(730e) Hydrothermal Stability of Chloromethyl Polystyrene Based Solid Acid Catalysts and Mechanism of Cellulose Hydrolysis

Cellulose is one of the major components of lignocellulosic biomass and the most abundant renewable polymer on earth. As such it could serve as a sustainable feedstock for the production of commercially important fuels and chemicals. However, cellulose conversion to smaller platform molecule is the major bottleneck for economically competitive utilization of lignocellulosic biomass.

The most common processes to depolymerize cellulose employ liquid acid or enzyme catalyzed hydrolysis to produce glucose. However, issues such as reactor corrosion, slow reaction rates, and inability to recycle limits the cost-effective conversion of cellulose. Alternatively, solid acids have been proposed as reusable catalysts for cellulose hydrolysis. Introduction of binding groups in the catalyst structure is hypothesized to increase the affinity between the solid acid and cellulose, brining the glycosidic bonds within contact with catalytic sites resulting in a higher hydrolysis rate. This hypothesis finds support in adsorption studies of small cellulosic molecules such as cellobiose and glucose. However, the mechanism of such catalytic activity has not been elucidated.

Chloromethyl polystyrene based bifunctional catalysts have showed high activity towards cellulose depolymerization. It is hypothesized the chlorine participates in hydrogen bonding with the hydroxyl groups in cellulose chains. However, the chloromethyl groups is rather label and could hydrolyze in hydrothermal conditions generating hydrochloric acid. Hydrochloric acid could also catalyze cellulose depolymerization, but its effect on the overall catalytic mechanism has not be evaluated.

In this work we studied partially sulfonated chloromethyl polystyrene catalyst for cellulose hydrolysis. Structural analysis of catalyst revealed that synthesis procedure results in little to no chlorine available on the external surface, but presence of hydroxyl groups, which can also participate in hydrogen bonding with cellulose. The catalyst showed high activity towards hydrolyzing cellulose resulting in levulinic acid and formic acid as major products. However, analysis of the solid and the liquid media revealed chloromethyl group hydrolysis and hydrochloric acid generation. This observation raised the question if the catalyst is indeed acting as a solid acid.

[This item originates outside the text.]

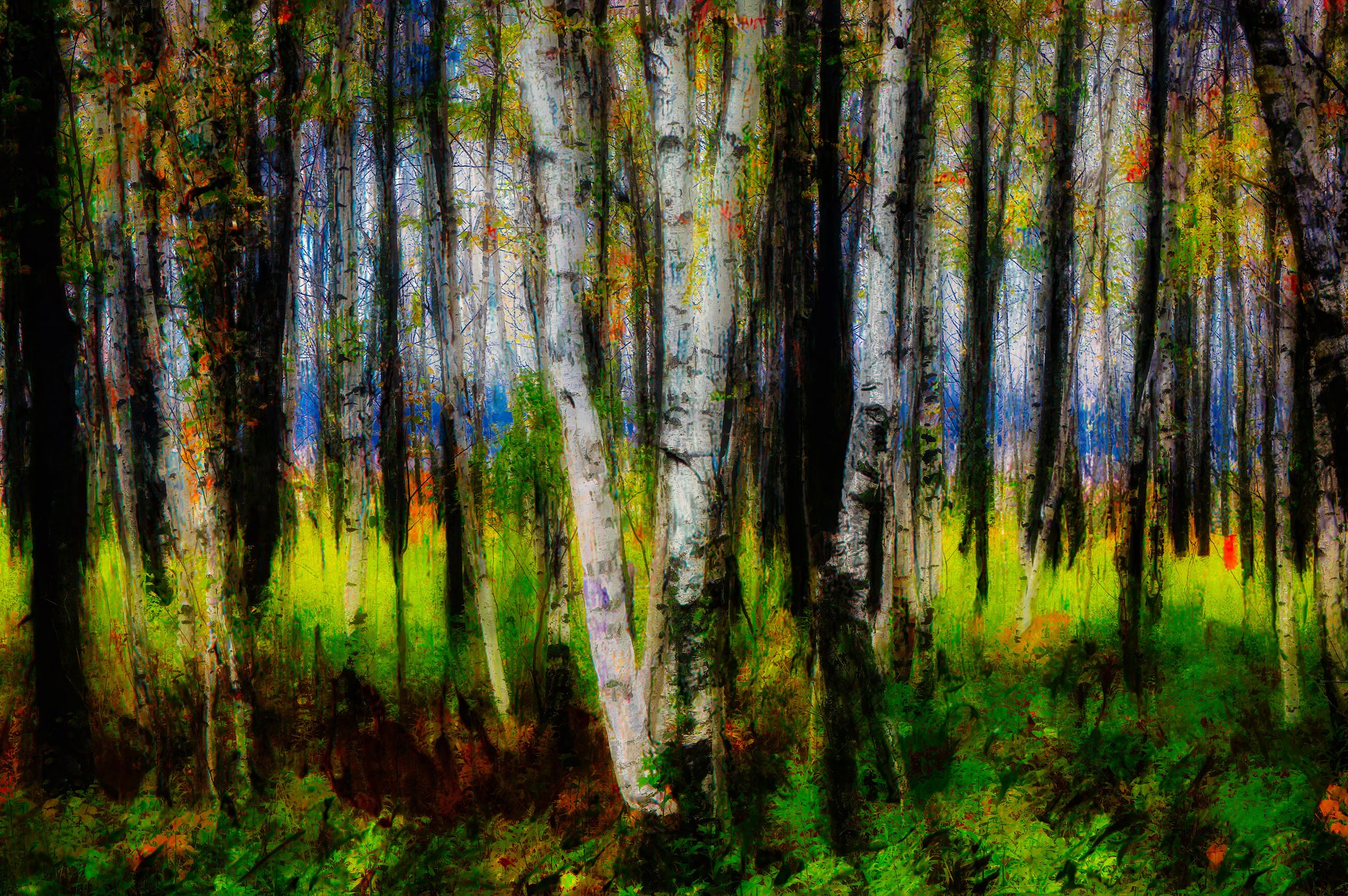 This piece has that rare “stop-you-in-your-tracks” presence—tall birch trunks rising like natural pillars, wrapped in rich autumn color and luminous greens. The painterly texture gives it motion and depth, so it feels less like a snapshot and more like a memory of being in the woods: layered, immersive, and quietly powerful. It’s calming, but it still has energy—perfect for someone who wants nature on the wall without it feeling predictable.

In order to elucidate the mechanism of hydrolysis we subjected the catalyst to hydrothermal reaction conditions in the absence of cellulose. Monitoring pH and chloride ion concentration, we developed a kinetic profile of hydrochloric acid generation. Cellulose hydrolysis kinetic models involve ion concentration as a preexponential factor on the expression for the reaction rate constant. We hypothesized that incorporating the time dependence of the acid concentration in the kinetic model of cellulose hydrolysis to glucose and subsequent dehydration to HMF, levulinic acid, and formic acid would be able to accurately predict experimental results. An acceptable agreement between model and experimental product yields pointed to the liquid acid acting as the primary catalyst, obscuring any catalytic activity, if any, of the solid catalyst. Further support was obtained by carrying out hydrolysis by a titrated solid acid catalyst, in which the sulfonic acid groups have been ion exchanged and, thus, rendered inactive; similar yields were obtained as the non-titrated catalyst. The results in this investigation highlight the need for systematic study of proposed solid acids for cellulose hydrolysis and consideration of potential release of homogeneous acids in the reaction media.